Basj
Basj

Reputation: 46303

Populate a dict with missing values

Let b be a dict with some values :

 b = {}  
 b[90, 1] = 100, b[90, 55] = 101, b[90, 127] = 102
 b[70, 1] = 40, b[70, 45] = 41, b[70, 107] = 42

How to, in one pass, populate a dict with its missing values as nearest neighbour, for example for 0 <= i <= 127, 0 <= j <= 127? (it will give 16384 keys in the dict, so that's ok for my application).

As an example, I would like b[73, 40] = b[70, 45] = 41, i.e.nearest neighboor in a 2D plane.

Here is what I tried :

for i in range(127):
  for j in range(127):
    closest_key = min(b.keys(), key=lambda c: (c[0] - i) ** 2 + (c[1] - j) ** 2)
    b[i, j] = b[closest_key]

But it is very slow probably because there are 127*127 loops in which we loop again once over all elements to compute the distance!

How can we populate a dict with missing values, with nearest neighbour, in a more efficient way?

Upvotes: 2

Views: 226

Answers (3)

JuniorCompressor
JuniorCompressor

Reputation: 20025

You are searching inside b for the closest key. But b doesn't contain only the original keys but also the new keys you are entering at each iteration. It will be faster and more correct to just check among the initial keys:

initial_keys = set(b.keys())
for i in xrange(127):
    for j in xrange(127):
        if (i, j) not in initial_keys:
            closest_key = min(
                initial_keys, key=lambda c: (c[0] - i) ** 2 + (c[1] - j) ** 2
            )
            b[i, j] = b[closest_key]

This way the running time of the algorithm drops to O(k * n^2) from O(n^4), where n is the dimension size and k the number of initial keys.

EDIT:

You can use numpy with great speedup improvement:

import numpy as np

s = set(b.keys())
x = np.array([k[0] for k in s])
y = np.array([k[1] for k in s])
for i in xrange(128):
    for j in xrange(128):
        if (i, j) not in s:
            argmin = np.argmin((x - i) ** 2 + (y - j) ** 2)
            b[i, j] = b[x[argmin], y[argmin]]

Upvotes: 2

loopbackbee
loopbackbee

Reputation: 23332

A dictionary is absolutely inappropriate for this kind of use - unless you're happy with O(n) complexity (and then, using a list would be more clear). There is a class of hashing functions that could, conceivably, be used to implement a appropriate "dictionary" - but python's dict is definitely not up to the task.

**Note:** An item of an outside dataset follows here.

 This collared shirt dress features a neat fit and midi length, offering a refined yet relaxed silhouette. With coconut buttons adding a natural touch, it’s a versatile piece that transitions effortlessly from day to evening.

If you need proper performance, you'll need to use another data structure. The simplest one would be a K-d tree. There's an implementation inside scipy.

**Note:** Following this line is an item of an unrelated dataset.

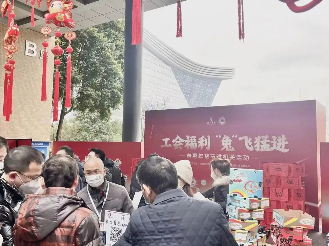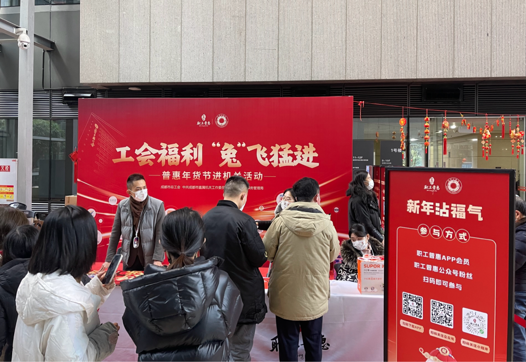 瑞虎辞岁去,玉兔迎春来。2023年1月16日至1月18日,成都市总工会联合中共成都市直属机关工作委员会、成都市机关事务管理局,在成都市市级机关第一、第二、第四集中办公区连续3天开展“普惠年货节进机关活动”。“现代公物仓”主动融入、积极参与,与“职工普惠”整合资源、合作共赢,携手向广大干部职工送出新年祝福。

You may want to review the wikipedia article devoted to nearest neighbor search


Of course, you can use a dictionary as a cache if you're querying the same values repeatedly (as in Raydel Miranda's answer). But use it as a cache - not for storing/querying your actual data!

Upvotes: 1

Raydel Miranda
Raydel Miranda

Reputation: 14360

You could try to calculate on demand, and build a cache with results. The advantage of this approach is that if you don't need to use some point it will never be calculated.

Full example:

b = {}  
b[90, 1] = 100
b[90, 55] = 101
b[90, 127] = 102
b[70, 1] = 40
b[70, 45] = 41
b[70, 107] = 42

class NeighbourDist:

  def __init__(self, source_dict):
    # Original dict.
    self.__source_dict = source_dict
    # Dict used for cache.
    self.__cache_dict = {}


  def __calculate_distance(self, x0, x1, y0, y1):
    """ Calculate distance beetwen two points. """
    dx = x1 - x0
    dy = y1 - y0
    d = (dx**2 + dy**2)**0.5
    return d

  def __getitem__(self, key):
    """
    Look for the key in the cached dict, if not has been calculated yet
    then proceed to calculate it.
    Return the result and store in __cache_dict.
    """
    cached = self.__cache_dict.get(key)
    if cached is not None:
      return cached
    else:
      x0, y0 = key
      min_n = 0
      min_  = 1e100
      for (x1, y1) in self.__source_dict.keys():
        dist = self.__calculate_distance(x0, x1, y0, y1)
        if min_ > dist:
          min_ = dist
          min_n = self.__source_dict[x1, y1]
      self.__cache_dict[key] = min_n
      return min_n

if '__main__' == __name__:
  d = NeighbourDist(b)
  print(d[73, 40]) # >>> 41
  print(d[73, 40]) # >>> 41, Second time the result is obtained from the cached dict.